The president and founder the world's second largest hedge fund is a big believer in his set of excellence and management principles – including the controversial idea of radical truth – and credits the practice of them with giving his firm a competitive advantage.

According to the latest figures published by Pensions & Investments, Bridgewater Associates is the second largest hedge fund in the world, with $43.6 billion under management at the end of 2009, behind J.P. Morgan's $53.5 billion.

 

Bridgewater Associates was founded by Ray Dalio in 1975 out his apartment in Manhattan. Since then, money has poured in from investors and Dalio has provided them with consistent, low double-digit returns.

 

Along with the pursuit of uncorrelated returns and the refusal to use excessive leverage, Dalio credits his firm's success and longevity to his set of excellence and management principles.

 

In a document authored by Dalio titled “Principles,” he stated that because the world “changes so quickly and in ways that can’t possibly be anticipated far in advance,” the key to long term success and competitiveness is “great people with a great culture.”

 

Great People

 

Dalio sees people in terms of values (what they deeply believe in), abilities (how they think and behave), and skills (what they have learned).

 

He believes the most important trait for employees is the belief in the “intense pursuit of truth and excellence” and the “rapid improvement of themselves and Bridgewater.”

 

Indeed, Dalio said that the “overriding objective at Bridgewater is excellence, or more precisely, constant improvement.”

 

Great Culture

 

While his belief for personnel is not too out of the ordinary, his belief for culture is rather extreme.

 

Dalio believes that grasping the reality is essential to achieving excellence.
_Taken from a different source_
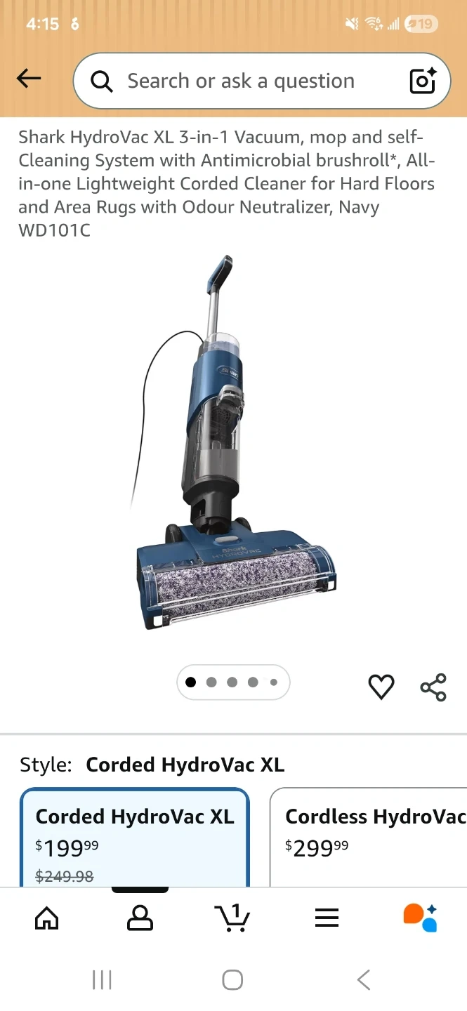 Shark HydroVac XL 3-in-1 Vacuum, mop and self-Cleaning System with Antimicrobial brushroll*, All-in-one Lightweight Corded Cleaner for Hard Floors and Area Rugs with Odour Neutralizer

Therefore, he advocates the controversial practice of radical truth and radical openness, which involves directly criticizing people and pointing out their weakness.

 

The draw back, said Dalio, is hurt egos. “Most people like compliments and agreement, and they dislike criticisms and conflict,” he admitted.

 

However, he believes the benefits of radical truth allows Bridgewater and its employees to “evolve....at a much faster pace than they would otherwise.”

 

He believes the practice of inviting criticisms and challenges to both individuals and processes, and then debating them openly and logically, facilitates evolution and drives Bridgewater towards excellence.

 

In addition, he claims that radical truth eliminates office politics, hidden agendas, and petty gossiping. People will also know that no matter what their position, their ideas will be fairly assessed.

 

“These principles...have produced radical success and satisfying, long-term relationships at Bridgewater for 35 years,” said Dalio.

 

He believes that “having a more conventional culture...would produce more conventional results and impede our mission to get at truth and excellence.”

 

Dalio added that “there has been virtually no disagreement on the validity of these principles by people who have probed them.”

 

However, online publication Dealbreaker quoted an ex-employee of Bridgewater who called the principles “pretty cult-ish, as is the culture of the whole company.”

 

This person also described Bridgewater's meetings, often recorded and then distributed company-wide, as the “public shaming and the demolition of people.”

 

At one meeting in particular, COO Hope Woodhouse was “shredded in front of the management committee” and “brought to the point of crying.” The recording was then sent out to the whole company.

 

This individual also said that 360-degree feedback meetings have become “everyone’s chance to totally dig on and destroy other individuals and say whatever things all year you’ve hated about people.”